Benchmarks: splita vs scipy.stats vs statsmodels¶
A comparison of splita against the two most common Python statistics libraries for A/B testing workflows.
Lines of Code for Common Tasks¶
Task 1: Run a two-sample z-test with confidence interval¶
splita (3 lines)
from splita import Experiment
result = Experiment(ctrl, trt).run()
print(result.pvalue, result.ci_lower, result.ci_upper, result.significant)
scipy.stats (12 lines)
import numpy as np
from scipy.stats import norm
ctrl_mean, trt_mean = np.mean(ctrl), np.mean(trt)
ctrl_se = np.std(ctrl, ddof=1) / np.sqrt(len(ctrl))
trt_se = np.std(trt, ddof=1) / np.sqrt(len(trt))
se_diff = np.sqrt(ctrl_se**2 + trt_se**2)
z = (trt_mean - ctrl_mean) / se_diff
pvalue = 2 * (1 - norm.cdf(abs(z)))
lift = trt_mean - ctrl_mean
ci_lower = lift - 1.96 * se_diff
ci_upper = lift + 1.96 * se_diff
significant = pvalue < 0.05
statsmodels (8 lines)
from statsmodels.stats.weightstats import ztest, CompareMeans, DescrStatsW
z_stat, pvalue = ztest(trt, ctrl)
d1, d2 = DescrStatsW(ctrl), DescrStatsW(trt)
cm = CompareMeans(d2, d1)
ci = cm.zconfint_diff()
lift = d2.mean - d1.mean
ci_lower, ci_upper = ci
significant = pvalue < 0.05
Task 2: Power analysis / sample size calculation¶
splita (2 lines)
from splita import SampleSize
plan = SampleSize.for_proportion(baseline=0.10, mde=0.02, power=0.80)
scipy.stats (8 lines)
from scipy.stats import norm
import math
p1, p2 = 0.10, 0.12
z_alpha = norm.ppf(1 - 0.05 / 2)
z_beta = norm.ppf(0.80)
es = 2 * (math.asin(math.sqrt(p2)) - math.asin(math.sqrt(p1)))

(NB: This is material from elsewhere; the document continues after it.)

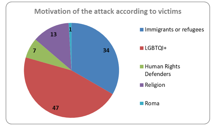 In 47 incidents, the victims were LGBTQI people. In 11 incidents, sacred or symbolic places and the Jewish community were targeted, whereas in two incidents, the victims were Greek citizens, targeted on grounds of their religious beliefs. In one incident, the victim was a male member of the Roma community. In 37 incidents, more than one victim was targeted, whereas in 55 incidents the assault was committed by two or more people.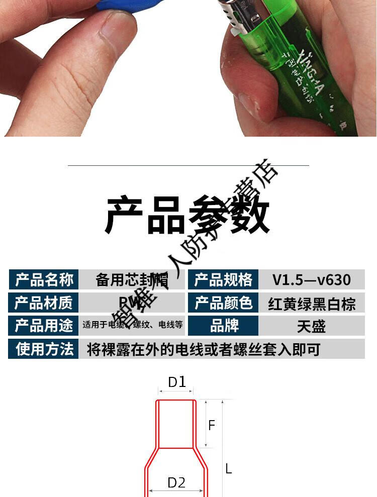 Cable spare core sealing cap thread protective sleeve core cap wire head dust cap flame retardant cable sheath cable core cap V2-2.5 square 2000 pieces please note the color

n = math.ceil((z_alpha + z_beta) ** 2 / es ** 2)
statsmodels (4 lines)
from statsmodels.stats.proportion import proportion_effectsize
from statsmodels.stats.power import NormalIndPower
es = proportion_effectsize(0.10, 0.12)
n = NormalIndPower().solve_power(es, power=0.80, alpha=0.05, ratio=1)
Task 3: CUPED variance reduction¶
splita (3 lines)
from splita.variance import CUPED
cuped = CUPED()
ctrl_adj, trt_adj = cuped.fit_transform(ctrl, trt, pre_ctrl, pre_trt)
scipy.stats (10 lines)
import numpy as np
# Manual CUPED implementation
pooled = np.concatenate([ctrl, trt])
pooled_pre = np.concatenate([pre_ctrl, pre_trt])
theta = np.cov(pooled, pooled_pre)[0, 1] / np.var(pooled_pre, ddof=1)
pre_mean = np.mean(pooled_pre)
ctrl_adj = ctrl - theta * (pre_ctrl - pre_mean)
trt_adj = trt - theta * (pre_trt - pre_mean)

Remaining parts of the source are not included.